[Task item]
The line containing "Parts for Kitchenaid" marks the end: extract everything from the first line of the data through that line, exactly, with no pictures.

[Collected material]
◆ ◆ ◆ ◆

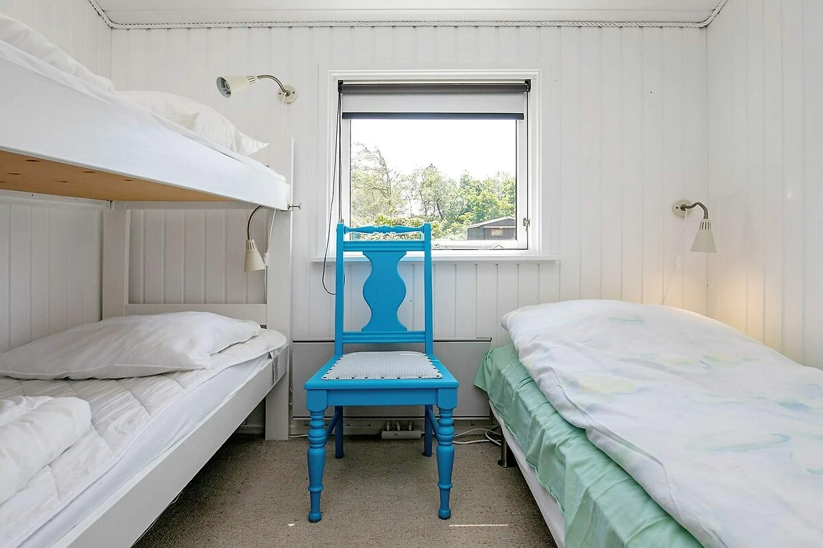 , Angolo cottura(mobile cucina(elettrico), cappa aspirante, caffettiera, frigorifero(+ congelatore)), Soggiorno/camera da letto(TV(canali televisivi tedeschi, canali TV danesi), lettore DVD, radio, lettore CD, impianto stereo, seggiolone), Camera da letto(letto matrimoniale, lettino con sponde), Camera da letto(letto singolo, 2x letto a castello), Bagno(sotto pavimento)(vasca o doccia, lavabo, WC), riscaldamento(elettrico), terrazza, terrazza(coperto), barbecue
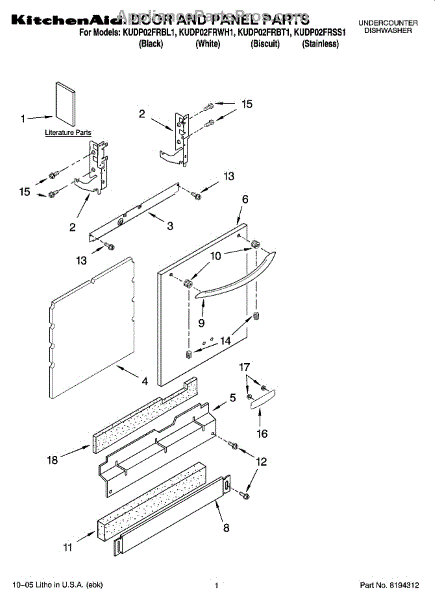 Parts for Kitchenaid KUDP02FRWH1: 01 - Door And Panel Parts
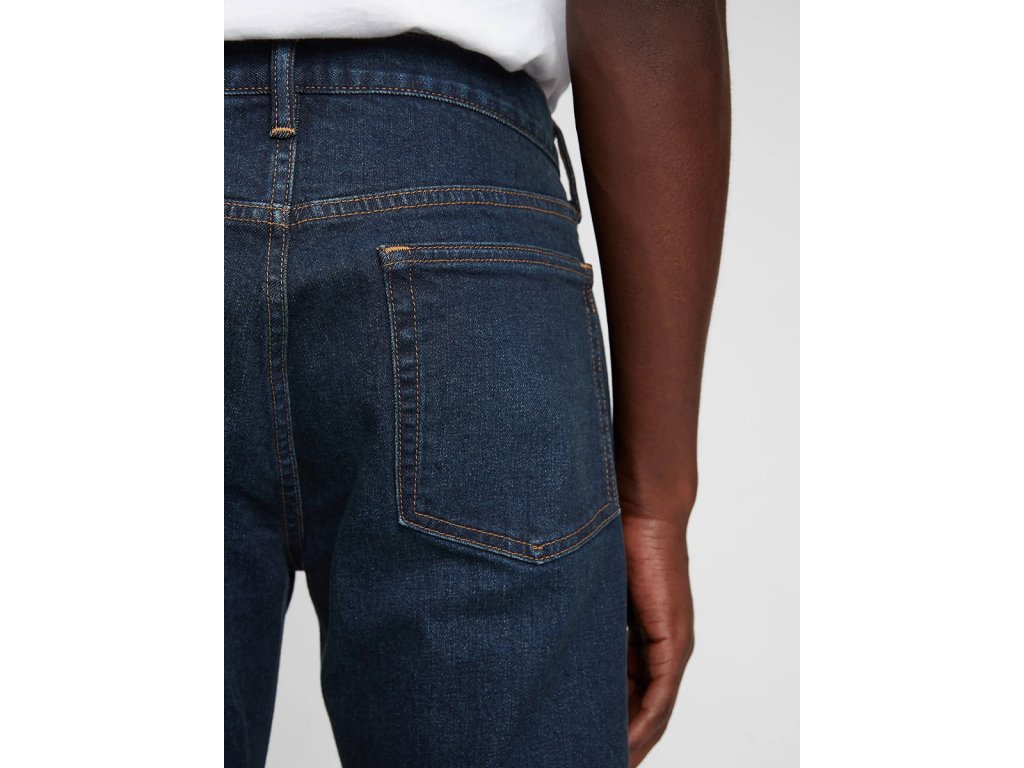Džíny se vyznačují přiléhavým střihem přes boky a stehna s úzkými nohavicemi, což zajišťuje moderní a elegantní vzhled. Tento střih je oblíbený mezi mladými lidmi, kteří hledají džíny, které nejen skvěle vypadají, ale také se pohodlně nosí. Klasický pětikapsový design v tmavě indigo odstínu dodává džínům univerzální a nadčasový styl, který se hodí k jakémukoliv outfitu.

◆ ◆ ◆ ◆

[Result for this exercise]
 , Angolo cottura(mobile cucina(elettrico), cappa aspirante, caffettiera, frigorifero(+ congelatore)), Soggiorno/camera da letto(TV(canali televisivi tedeschi, canali TV danesi), lettore DVD, radio, lettore CD, impianto stereo, seggiolone), Camera da letto(letto matrimoniale, lettino con sponde), Camera da letto(letto singolo, 2x letto a castello), Bagno(sotto pavimento)(vasca o doccia, lavabo, WC), riscaldamento(elettrico), terrazza, terrazza(coperto), barbecue
 Parts for Kitchenaid KUDP02FRWH1: 01 - Door And Panel Parts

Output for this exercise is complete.